Luu, Sarah; Sheldon, James; Dendle, Claire; Ojaimi, Samar; Jones, Penelope; Woolley, Ian.
Afiliação
  • Luu S; Monash Infectious Diseases, Monash University, Clayton, Victoria, Australia.
  • Sheldon J; Australian Centre for Blood Diseases, Monash University, Melbourne, Victoria, Australia.
  • Dendle C; Monash Imaging, Monash Health, Clayton, Victoria, Australia.
  • Ojaimi S; Monash Infectious Diseases, Monash Health, Clayton, Victoria, Australia.
  • Jones P; Centre for Inflammatory Diseases, Monash University, Clayton, Victoria, Australia.
  • Woolley I; Monash Infectious Diseases, Monash Health, Clayton, Victoria, Australia.
Intern Med J ; 50(5): 556-564, 2020 05.
Article em En | MEDLINE | ID: mdl-31449712
ABSTRACT

BACKGROUND:

Individuals splenectomised for trauma have lower infection rates than those splenectomised for other conditions. Residual functional splenic tissue (FST) after splenectomy may provide ongoing immunological protection.

AIMS:

To quantify the prevalence and volume of residual FST post-splenectomy using standard testing.

METHODS:

Splenectomised adults were recruited from the Spleen Australia clinical registry. Eligible individuals had been splenectomised at least 1 year prior to their visit and resided in Victoria.
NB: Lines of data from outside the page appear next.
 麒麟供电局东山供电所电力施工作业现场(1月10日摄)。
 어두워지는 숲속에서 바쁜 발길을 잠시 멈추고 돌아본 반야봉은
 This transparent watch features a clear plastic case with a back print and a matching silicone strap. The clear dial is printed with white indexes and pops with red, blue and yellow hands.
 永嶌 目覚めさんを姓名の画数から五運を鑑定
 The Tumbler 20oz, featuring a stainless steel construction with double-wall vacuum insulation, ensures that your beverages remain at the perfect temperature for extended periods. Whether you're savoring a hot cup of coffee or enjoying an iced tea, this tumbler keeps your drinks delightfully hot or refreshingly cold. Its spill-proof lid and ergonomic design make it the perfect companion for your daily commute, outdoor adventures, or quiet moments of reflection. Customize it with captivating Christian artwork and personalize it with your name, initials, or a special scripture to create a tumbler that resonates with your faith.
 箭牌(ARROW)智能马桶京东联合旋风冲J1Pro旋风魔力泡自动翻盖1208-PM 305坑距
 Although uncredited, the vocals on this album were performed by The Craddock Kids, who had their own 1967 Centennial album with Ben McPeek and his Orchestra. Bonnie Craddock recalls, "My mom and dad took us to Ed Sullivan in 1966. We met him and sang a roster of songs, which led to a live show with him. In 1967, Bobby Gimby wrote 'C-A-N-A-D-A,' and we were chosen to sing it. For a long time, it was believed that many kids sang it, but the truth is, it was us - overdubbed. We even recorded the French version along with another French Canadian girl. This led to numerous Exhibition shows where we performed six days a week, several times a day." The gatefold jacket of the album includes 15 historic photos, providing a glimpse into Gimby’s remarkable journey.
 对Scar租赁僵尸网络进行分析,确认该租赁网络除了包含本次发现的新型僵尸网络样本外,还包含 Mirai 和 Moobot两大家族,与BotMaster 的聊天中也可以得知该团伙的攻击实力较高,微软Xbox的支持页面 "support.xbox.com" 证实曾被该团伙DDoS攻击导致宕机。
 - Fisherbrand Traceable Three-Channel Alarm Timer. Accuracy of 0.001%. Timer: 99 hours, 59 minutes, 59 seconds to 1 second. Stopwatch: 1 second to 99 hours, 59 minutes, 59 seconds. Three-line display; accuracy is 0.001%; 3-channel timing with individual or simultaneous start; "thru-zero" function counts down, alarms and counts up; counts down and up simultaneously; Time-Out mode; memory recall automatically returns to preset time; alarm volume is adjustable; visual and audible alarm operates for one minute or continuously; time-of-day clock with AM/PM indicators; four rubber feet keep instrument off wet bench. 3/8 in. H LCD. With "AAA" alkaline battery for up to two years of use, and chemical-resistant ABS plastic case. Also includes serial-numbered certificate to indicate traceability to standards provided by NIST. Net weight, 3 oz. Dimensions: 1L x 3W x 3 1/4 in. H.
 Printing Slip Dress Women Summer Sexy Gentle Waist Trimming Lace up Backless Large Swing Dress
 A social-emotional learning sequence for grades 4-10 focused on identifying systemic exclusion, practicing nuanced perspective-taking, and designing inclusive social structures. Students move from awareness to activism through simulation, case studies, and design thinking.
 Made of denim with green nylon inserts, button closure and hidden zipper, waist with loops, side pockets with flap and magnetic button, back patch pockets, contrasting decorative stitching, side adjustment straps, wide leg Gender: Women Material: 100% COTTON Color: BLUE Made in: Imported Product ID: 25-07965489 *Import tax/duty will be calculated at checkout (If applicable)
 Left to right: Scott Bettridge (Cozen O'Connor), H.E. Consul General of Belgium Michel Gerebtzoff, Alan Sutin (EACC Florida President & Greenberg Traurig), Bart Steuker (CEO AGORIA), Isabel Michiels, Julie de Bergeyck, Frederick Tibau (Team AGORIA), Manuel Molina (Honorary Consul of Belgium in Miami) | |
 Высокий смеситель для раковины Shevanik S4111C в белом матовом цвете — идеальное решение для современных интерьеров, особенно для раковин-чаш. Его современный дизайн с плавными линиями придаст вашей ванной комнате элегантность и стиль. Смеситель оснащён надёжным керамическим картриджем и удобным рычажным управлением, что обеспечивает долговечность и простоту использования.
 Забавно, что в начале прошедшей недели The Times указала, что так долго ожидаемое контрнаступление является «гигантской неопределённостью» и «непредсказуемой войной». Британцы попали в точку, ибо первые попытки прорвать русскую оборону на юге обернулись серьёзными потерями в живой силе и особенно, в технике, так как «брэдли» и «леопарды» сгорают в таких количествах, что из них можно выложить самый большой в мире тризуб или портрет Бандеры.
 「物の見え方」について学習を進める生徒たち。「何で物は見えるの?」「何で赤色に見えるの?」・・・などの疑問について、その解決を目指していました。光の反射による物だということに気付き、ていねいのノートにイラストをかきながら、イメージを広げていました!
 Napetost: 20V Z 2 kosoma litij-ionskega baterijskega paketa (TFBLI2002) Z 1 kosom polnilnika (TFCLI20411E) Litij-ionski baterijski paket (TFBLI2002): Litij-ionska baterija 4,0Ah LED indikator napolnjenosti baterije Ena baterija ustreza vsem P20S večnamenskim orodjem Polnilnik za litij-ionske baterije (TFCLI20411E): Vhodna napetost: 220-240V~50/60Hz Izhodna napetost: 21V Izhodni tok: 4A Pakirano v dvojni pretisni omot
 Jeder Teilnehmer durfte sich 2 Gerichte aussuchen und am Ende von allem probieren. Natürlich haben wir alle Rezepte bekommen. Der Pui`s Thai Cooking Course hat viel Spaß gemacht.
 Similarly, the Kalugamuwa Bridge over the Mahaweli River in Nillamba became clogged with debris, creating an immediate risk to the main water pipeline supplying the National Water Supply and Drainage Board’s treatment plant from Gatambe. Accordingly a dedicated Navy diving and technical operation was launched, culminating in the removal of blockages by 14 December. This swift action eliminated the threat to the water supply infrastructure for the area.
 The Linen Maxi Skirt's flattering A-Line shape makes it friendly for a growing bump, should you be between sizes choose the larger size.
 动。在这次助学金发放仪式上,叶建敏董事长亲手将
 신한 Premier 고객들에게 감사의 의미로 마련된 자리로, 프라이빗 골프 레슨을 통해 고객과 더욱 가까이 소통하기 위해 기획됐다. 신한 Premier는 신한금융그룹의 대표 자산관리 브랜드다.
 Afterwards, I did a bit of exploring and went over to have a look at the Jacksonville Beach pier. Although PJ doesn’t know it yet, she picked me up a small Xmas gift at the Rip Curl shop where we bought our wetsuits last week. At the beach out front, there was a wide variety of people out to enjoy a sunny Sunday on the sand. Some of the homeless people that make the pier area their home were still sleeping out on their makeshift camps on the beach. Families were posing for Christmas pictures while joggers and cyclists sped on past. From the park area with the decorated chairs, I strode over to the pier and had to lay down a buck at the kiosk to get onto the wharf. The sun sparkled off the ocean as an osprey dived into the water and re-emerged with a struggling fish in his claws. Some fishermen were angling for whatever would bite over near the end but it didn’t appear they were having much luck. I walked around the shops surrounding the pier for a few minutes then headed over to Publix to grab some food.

Splenic function was identified by evaluating Howell-Jolly bodies and IgM memory B cells. A 99m-Technetium-labelled, heat-denatured erythrocyte scintigraphic scan was performed if splenic function was detected.

RESULTS:

Initially, 75 splenectomised individuals (all cause) were recruited, with a median of 58 years of age and who were splenectomised a median of 14 years previously. The most common indications for splenectomy were trauma (30.7%) and haematological disease (28.0%). Scintigraphy identified FST in nine individuals (12.0%). Eight had been splenectomised for trauma. In this cohort, 34.8% of individuals splenectomised for trauma had residual FST. To explore our findings further, 45 additional individuals were recruited, predominately individuals splenectomised for trauma. Twenty-five individuals completed assessments by December 2018. An additional 11 individuals had FST, of whom 9 had been splenectomised for trauma. Overall, we identified 20 individuals with residual FST. Volumes ranged from 2.2 to 216.0 cc. We saw individuals with accessory spleens and splenotic nodules and an individual with both. Seventeen individuals had been splenectomised for trauma.

CONCLUSIONS:

Residual FST is commonly seen in individuals splenectomised for trauma. It can present in varying distributions and of varying volume. The clinical significance is unclear.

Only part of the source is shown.